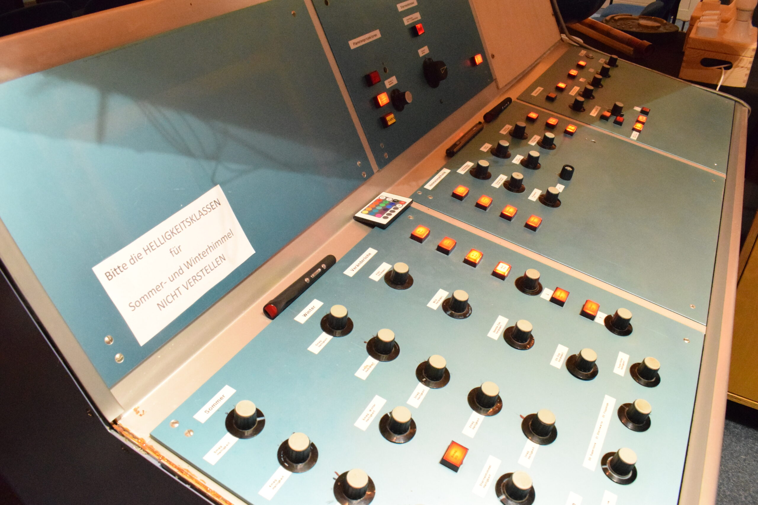 Aufgrund der einfachen Technik ist auch die Ansteuerung und Bedienung des Planetariums sehr leicht (auch wenn das Bild unseres Schaltpults anderes vermuten läßt). Die Vorführungen werden komplett manuell und ohne Automatik gefahren, was in der heutigen Zeit der Vollautomatiken eher archaisch anmutet; wer sich aber schon mal über abgestürzte Rechner oder ähnliches geärgert hat, kann nachvollziehen, warum wir bewußt auf eine Computersteuerung verzichten. Außerdem haben wir so jederzeit während einer Vorführung die Möglichkeit, auf Besucherfragen einzugehen und auch mal schnell ungeplant auf einen anderen Sternhimmel umzuschalten, wodurch wir einfach wesentlich flexibler bleiben, als mit jeder Automatik.
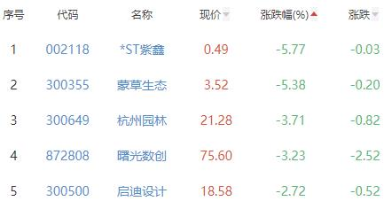 *ST紫鑫、蒙草生态、杭州园林、曙光数创、启迪设计位列涨幅榜后五位,涨幅分别为-5.77%、-5.38%、-3.71%、-3.23%、-2.72%。
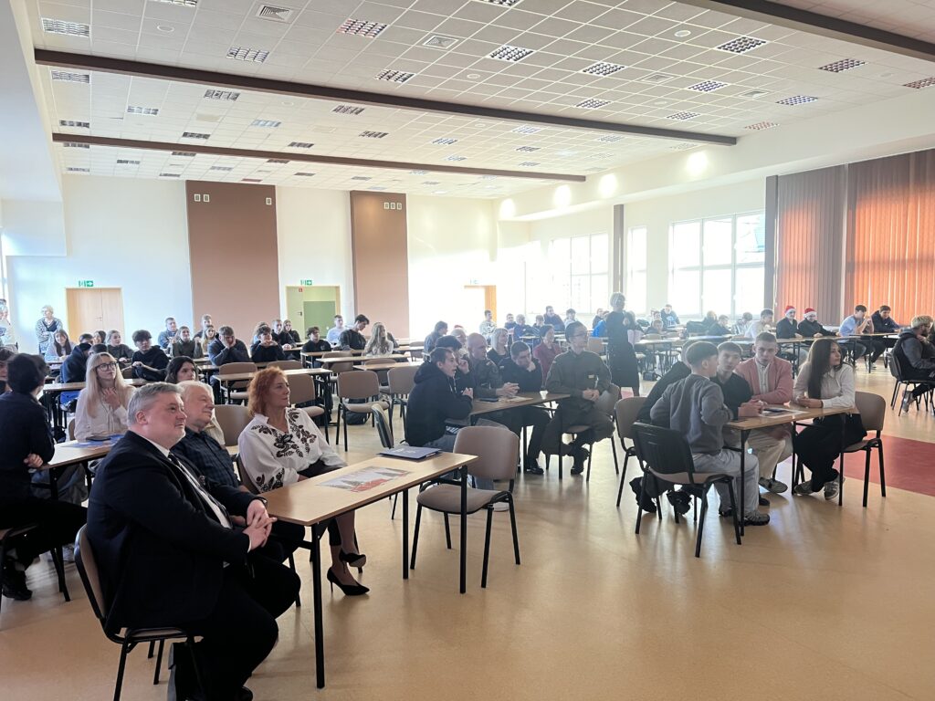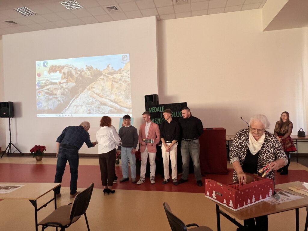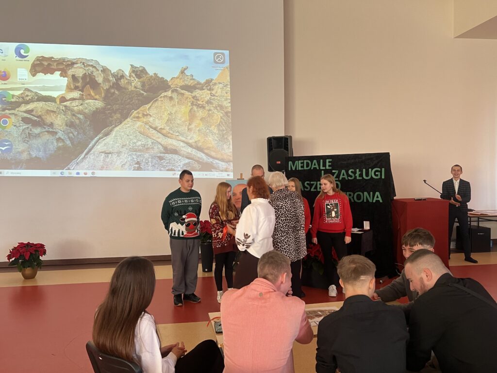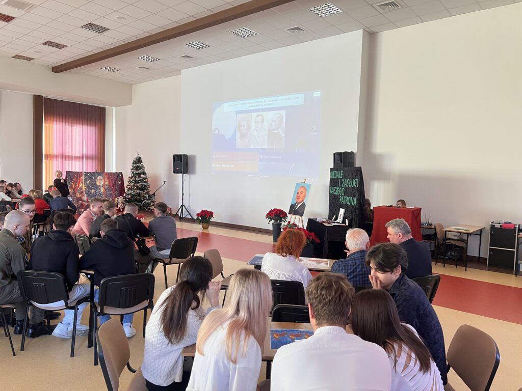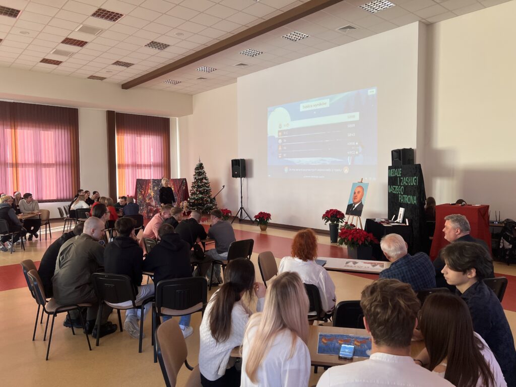 8 grudnia 2025r. w naszej szkole odbył y się uroczyste obchody Dnia Patrona dr. Jerzego Krupy. Swoją obecnością zaszczycili nas najbliżsi Patrona: żona pani Helena Krupa oraz syn pan Dariusz Krupa wraz z żoną. Uroczystość rozpoczęła się częścią oficjalną, podczas której przemówienia wygłosili pani Dyrektor oraz pan Dariusz Krupa. Następnie przybliżona została biografia dr. Jerzego Krupy. Pan Dariusz Krupa podziękował w imieniu swoim oraz całej rodziny za pielęgnowanie pamięci o dr. Jerzym Krupie, która pozostaje żywą inspiracją dla kolejnych pokoleń. Wyraził również wdzięczność za wychowanie młodzieży w duchu odpowiedzialności, pracowitości oraz wrażliwości na drugiego człowieka wartości szczególnie bliskie Patronowi szkoły. Po części oficjalnej przyszedł czas na emocjonujący quiz wiedzy o naszym Patronie oraz tradycji bożonarodzeniowych. W rywalizacji wzięło udział pięciu przedstawicieli z każdej klasy, a do gry przystąpiło 7 klas.
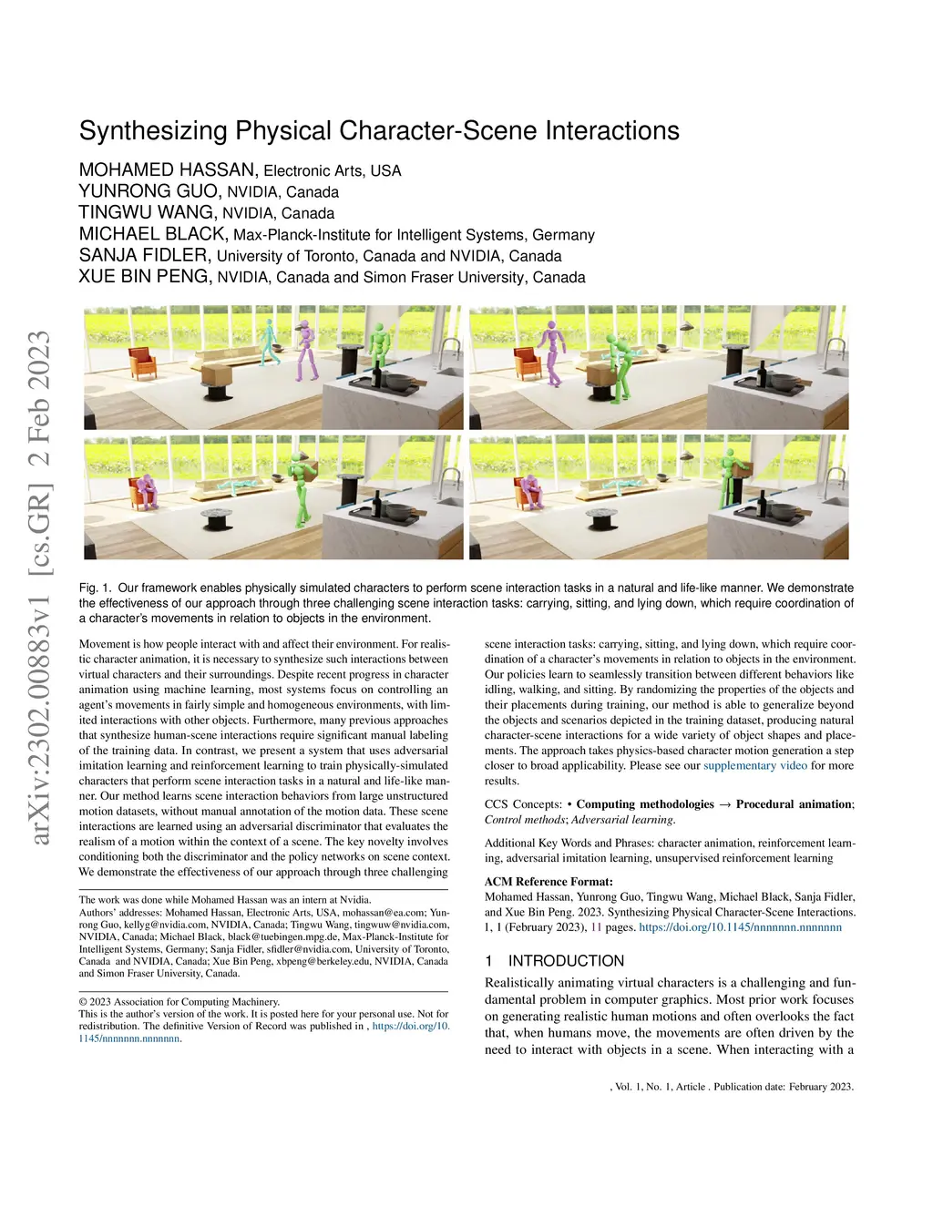 Movement is how people interact with and affect their environment. For realistic character animation, it is necessary to synthesize such interactions between virtual characters and their surroundings. Despite recent progress in character animation using machine learning, most systems focus on controlling an agent's movements in fairly simple and homogeneous environments, with limited interactions with other objects. Furthermore, many previous approaches that synthesize human-scene interactions require significant manual labeling of the training data. In contrast, we present a system that uses adversarial imitation learning and reinforcement learning to train physically-simulated characters that perform scene interaction tasks in a natural and life-like manner. Our method learns scene interaction behaviors from large unstructured motion datasets, without manual annotation of the motion data. These scene interactions are learned using an adversarial discriminator that evaluates the realism of a motion within the context of a scene. The key novelty involves conditioning both the discriminator and the policy networks on scene context. We demonstrate the effectiveness of our approach through three challenging scene interaction tasks: carrying, sitting, and lying down, which require coordination of a character's movements in relation to objects in the environment. Our policies learn to seamlessly transition between different behaviors like idling, walking, and sitting. By randomizing the properties of the objects and their placements during training, our method is able to generalize beyond the objects and scenarios depicted in the training dataset, producing natural character-scene interactions for a wide variety of object shapes and placements. The approach takes physics-based character motion generation a step closer to broad applicability.

**THE PROBLEM:** What you produce should repeat the data word for word while omitting all images.

**RESULT FOR THIS EXERCISE:**
 Aufgrund der einfachen Technik ist auch die Ansteuerung und Bedienung des Planetariums sehr leicht (auch wenn das Bild unseres Schaltpults anderes vermuten läßt). Die Vorführungen werden komplett manuell und ohne Automatik gefahren, was in der heutigen Zeit der Vollautomatiken eher archaisch anmutet; wer sich aber schon mal über abgestürzte Rechner oder ähnliches geärgert hat, kann nachvollziehen, warum wir bewußt auf eine Computersteuerung verzichten. Außerdem haben wir so jederzeit während einer Vorführung die Möglichkeit, auf Besucherfragen einzugehen und auch mal schnell ungeplant auf einen anderen Sternhimmel umzuschalten, wodurch wir einfach wesentlich flexibler bleiben, als mit jeder Automatik.
 *ST紫鑫、蒙草生态、杭州园林、曙光数创、启迪设计位列涨幅榜后五位,涨幅分别为-5.77%、-5.38%、-3.71%、-3.23%、-2.72%。
 8 grudnia 2025r. w naszej szkole odbył y się uroczyste obchody Dnia Patrona dr. Jerzego Krupy. Swoją obecnością zaszczycili nas najbliżsi Patrona: żona pani Helena Krupa oraz syn pan Dariusz Krupa wraz z żoną. Uroczystość rozpoczęła się częścią oficjalną, podczas której przemówienia wygłosili pani Dyrektor oraz pan Dariusz Krupa. Następnie przybliżona została biografia dr. Jerzego Krupy. Pan Dariusz Krupa podziękował w imieniu swoim oraz całej rodziny za pielęgnowanie pamięci o dr. Jerzym Krupie, która pozostaje żywą inspiracją dla kolejnych pokoleń. Wyraził również wdzięczność za wychowanie młodzieży w duchu odpowiedzialności, pracowitości oraz wrażliwości na drugiego człowieka wartości szczególnie bliskie Patronowi szkoły. Po części oficjalnej przyszedł czas na emocjonujący quiz wiedzy o naszym Patronie oraz tradycji bożonarodzeniowych. W rywalizacji wzięło udział pięciu przedstawicieli z każdej klasy, a do gry przystąpiło 7 klas.
 Movement is how people interact with and affect their environment. For realistic character animation, it is necessary to synthesize such interactions between virtual characters and their surroundings. Despite recent progress in character animation using machine learning, most systems focus on controlling an agent's movements in fairly simple and homogeneous environments, with limited interactions with other objects. Furthermore, many previous approaches that synthesize human-scene interactions require significant manual labeling of the training data. In contrast, we present a system that uses adversarial imitation learning and reinforcement learning to train physically-simulated characters that perform scene interaction tasks in a natural and life-like manner. Our method learns scene interaction behaviors from large unstructured motion datasets, without manual annotation of the motion data. These scene interactions are learned using an adversarial discriminator that evaluates the realism of a motion within the context of a scene. The key novelty involves conditioning both the discriminator and the policy networks on scene context. We demonstrate the effectiveness of our approach through three challenging scene interaction tasks: carrying, sitting, and lying down, which require coordination of a character's movements in relation to objects in the environment. Our policies learn to seamlessly transition between different behaviors like idling, walking, and sitting. By randomizing the properties of the objects and their placements during training, our method is able to generalize beyond the objects and scenarios depicted in the training dataset, producing natural character-scene interactions for a wide variety of object shapes and placements. The approach takes physics-based character motion generation a step closer to broad applicability.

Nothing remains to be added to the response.